Dooley's earlier work was 'workerist', though only in so far as he liked using industrial scrap for his welded constructions; never any suggestion of the monumental, square-jawed socialist-realist sculpture that might have reflected his membership of the Communist Party. His acknowledged influences were derived more from the starved, long-limbed figures of Giacometti and Reg Butler. As well as being a Communist he was a Catholic convert, but his best work was produced after he had turned away from both faiths to embrace a political and religious agnosticism. Much of his later work was neither industrial nor religious but heavily formalised figurative, like the bulls which London Weekend Television commissioned annually as a trophy for the Cyril Bennett Award for outstanding contributions to television programming.
In 1990 Dooley held an exhibition in the Dungeons at Windsor Castle but resisted all attempts by the art establishment, which he considered 'fashion-ridden and phoney', to get him to London. When a London gallery persuaded him to exhibit a few of his pieces he decided the others shown alongside them were 'bloody rubbish' and withdrew his. The Queen Mother, who is said to have befriended him, must have found his conversation refreshing.
In 1964, after Henry Moore turned down a commission for the Fourteen Stations of the Cross for St Mary's Church, Leyland, near Preston, the Benedictines - with some trepidation, as Dooley had by then acquired something of a tearaway reputation - asked him to do them instead. When he had finished they counted 15, each weighing three-quarters of a ton of bronze. His Black Christ was erected on an outside wall of a Liverpool Methodist church in 1967, and his work is represented in the collection of the Walker Art Gallery. One of his most recent works is the statue of St Mary in the Mariners' Chapel of the Quay in Liverpool Parish Church of St Nicholas.

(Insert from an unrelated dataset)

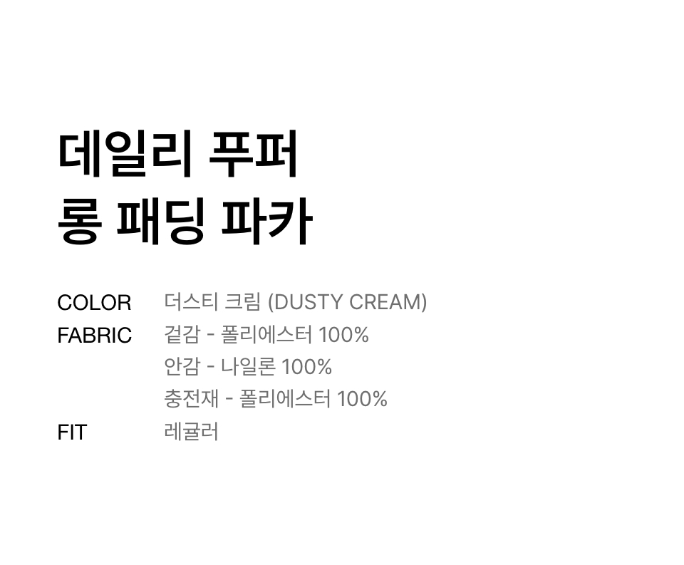 데일리 푸퍼 롱 패딩 파카 [더스티 크림]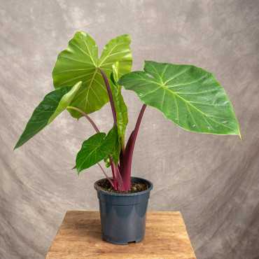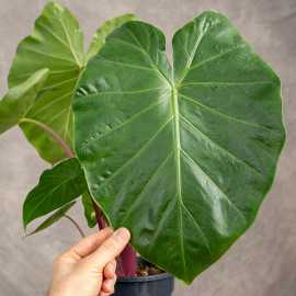Alokazja 'Imperial Red' to niezwykle atrakcyjna roślina doniczkowa, należąca do rodziny obrazkowatych (Araceae). Znana ze swoich imponujących liści i egzotycznego wyglądu. Pochodzi z tropikalnych rejonów Azji. Ma duże, sercowate liście w kolorze soczystej zieleni wzniesione na mięsistych łodygach, które przybierają fioletowo- czerwony odcień, zwłaszcza u młodych liści.

Towards the end of his life he became Chairman of the Liverpool Academy and gave much encouragement to young sculptors. He received numerous commissions and made many sales of his work, but never seemed to have any money because he gave it all away.

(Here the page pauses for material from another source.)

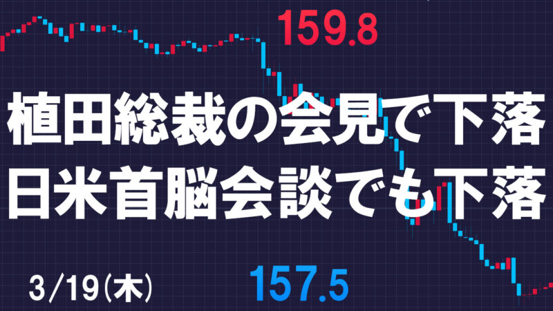 木曜のドル円は注目の植田総裁の会見を受けて下落し、そして日米首脳会談などでもさらに安値を攻めて157.5円まで下落していきました。

As a fiercely loyal Liverpudlian he fought against the spoiling of the city by developers and politicians, first by the threatened socialist-
Utopian Shankland Plan and then a monstrous, Ceausescu-style civic palace envisaged by the - pre-Militant - Labour leader Lord (Bill) Sefton. He is survived by his mother Bessie and his son Paul, a trained stonemason, who latterly worked alongside him.
Without big Arthur the city has suddenly become emptier.